** Opening RECORDS SUPPLIED block **

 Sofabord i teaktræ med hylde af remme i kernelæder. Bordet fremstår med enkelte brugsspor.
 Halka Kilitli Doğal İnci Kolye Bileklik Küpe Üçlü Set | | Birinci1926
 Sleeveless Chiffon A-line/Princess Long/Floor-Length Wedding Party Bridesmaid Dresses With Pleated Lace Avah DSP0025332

** Closing RECORDS SUPPLIED block **
** Opening RECORDS SUPPLIED block **

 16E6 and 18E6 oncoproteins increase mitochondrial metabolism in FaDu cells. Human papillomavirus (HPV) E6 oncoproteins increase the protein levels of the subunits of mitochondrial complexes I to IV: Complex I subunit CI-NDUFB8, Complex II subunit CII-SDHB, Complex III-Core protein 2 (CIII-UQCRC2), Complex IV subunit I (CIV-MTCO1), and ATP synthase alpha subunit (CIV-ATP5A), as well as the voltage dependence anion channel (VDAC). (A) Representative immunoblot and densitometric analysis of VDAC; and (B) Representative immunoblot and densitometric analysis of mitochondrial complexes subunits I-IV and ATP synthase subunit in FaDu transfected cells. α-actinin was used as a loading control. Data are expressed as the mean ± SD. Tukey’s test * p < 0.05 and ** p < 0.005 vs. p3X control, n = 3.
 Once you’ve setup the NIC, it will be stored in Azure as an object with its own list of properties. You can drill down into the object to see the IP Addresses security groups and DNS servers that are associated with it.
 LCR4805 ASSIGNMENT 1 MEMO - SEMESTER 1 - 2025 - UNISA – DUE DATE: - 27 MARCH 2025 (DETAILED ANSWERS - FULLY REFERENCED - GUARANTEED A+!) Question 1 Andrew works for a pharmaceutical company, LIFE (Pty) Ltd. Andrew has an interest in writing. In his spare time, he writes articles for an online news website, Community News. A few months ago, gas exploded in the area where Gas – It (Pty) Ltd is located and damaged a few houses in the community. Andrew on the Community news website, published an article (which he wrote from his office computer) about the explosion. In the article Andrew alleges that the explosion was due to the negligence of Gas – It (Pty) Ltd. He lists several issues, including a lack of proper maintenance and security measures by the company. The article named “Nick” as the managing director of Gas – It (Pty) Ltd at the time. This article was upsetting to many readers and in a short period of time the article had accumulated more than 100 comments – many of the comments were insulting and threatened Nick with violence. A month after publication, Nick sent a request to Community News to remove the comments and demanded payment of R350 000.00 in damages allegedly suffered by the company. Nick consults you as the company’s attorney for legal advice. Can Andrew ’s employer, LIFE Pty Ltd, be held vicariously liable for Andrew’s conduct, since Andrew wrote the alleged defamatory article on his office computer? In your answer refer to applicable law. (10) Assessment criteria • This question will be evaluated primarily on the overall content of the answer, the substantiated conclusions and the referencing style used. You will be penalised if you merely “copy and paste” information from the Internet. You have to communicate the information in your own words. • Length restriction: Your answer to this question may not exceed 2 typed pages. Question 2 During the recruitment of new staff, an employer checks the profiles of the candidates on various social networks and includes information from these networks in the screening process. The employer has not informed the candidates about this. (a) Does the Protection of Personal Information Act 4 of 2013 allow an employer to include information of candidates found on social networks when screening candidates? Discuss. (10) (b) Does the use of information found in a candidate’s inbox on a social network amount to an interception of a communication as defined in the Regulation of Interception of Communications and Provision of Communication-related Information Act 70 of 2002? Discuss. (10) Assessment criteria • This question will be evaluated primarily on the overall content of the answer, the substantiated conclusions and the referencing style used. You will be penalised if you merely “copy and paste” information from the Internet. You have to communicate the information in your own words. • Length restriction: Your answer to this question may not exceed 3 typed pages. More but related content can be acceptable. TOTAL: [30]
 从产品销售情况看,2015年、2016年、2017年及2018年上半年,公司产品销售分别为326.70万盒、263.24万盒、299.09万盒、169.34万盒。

** Closing RECORDS SUPPLIED block **
** Opening RECORDS SUPPLIED block **

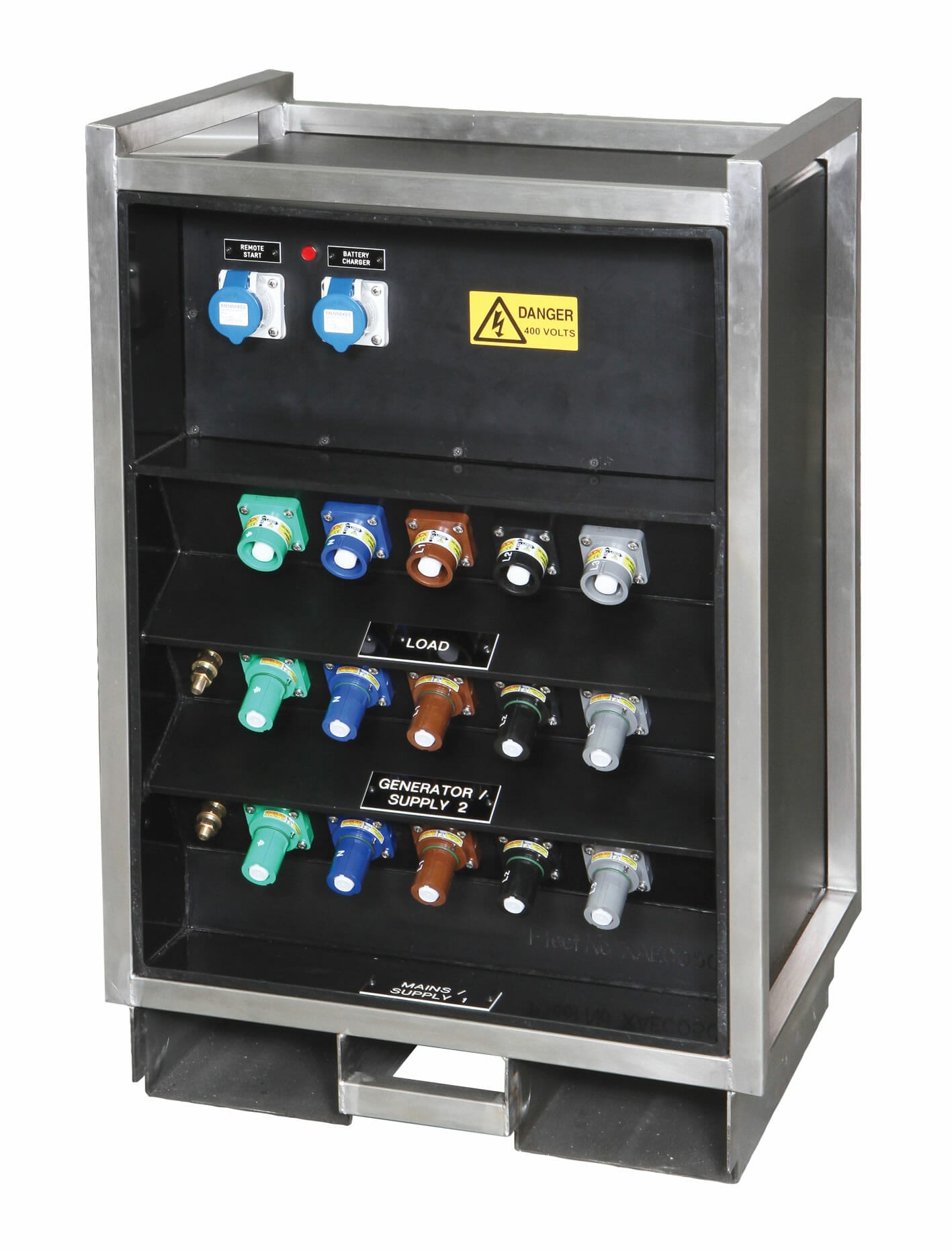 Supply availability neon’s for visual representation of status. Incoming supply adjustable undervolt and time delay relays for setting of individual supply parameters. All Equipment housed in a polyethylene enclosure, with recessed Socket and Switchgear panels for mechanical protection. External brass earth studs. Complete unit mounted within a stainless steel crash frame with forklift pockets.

** Closing RECORDS SUPPLIED block **

- _WHAT TO DO_
Keep both end lines and retype everything in the records above from the line containing "Sofabord i teaktræ" through the line containing "Halka Kilitli Doğal", exactly, with nothing else.

- _SOLUTION FOR THIS TASK_
 Sofabord i teaktræ med hylde af remme i kernelæder. Bordet fremstår med enkelte brugsspor.
 Halka Kilitli Doğal İnci Kolye Bileklik Küpe Üçlü Set | | Birinci1926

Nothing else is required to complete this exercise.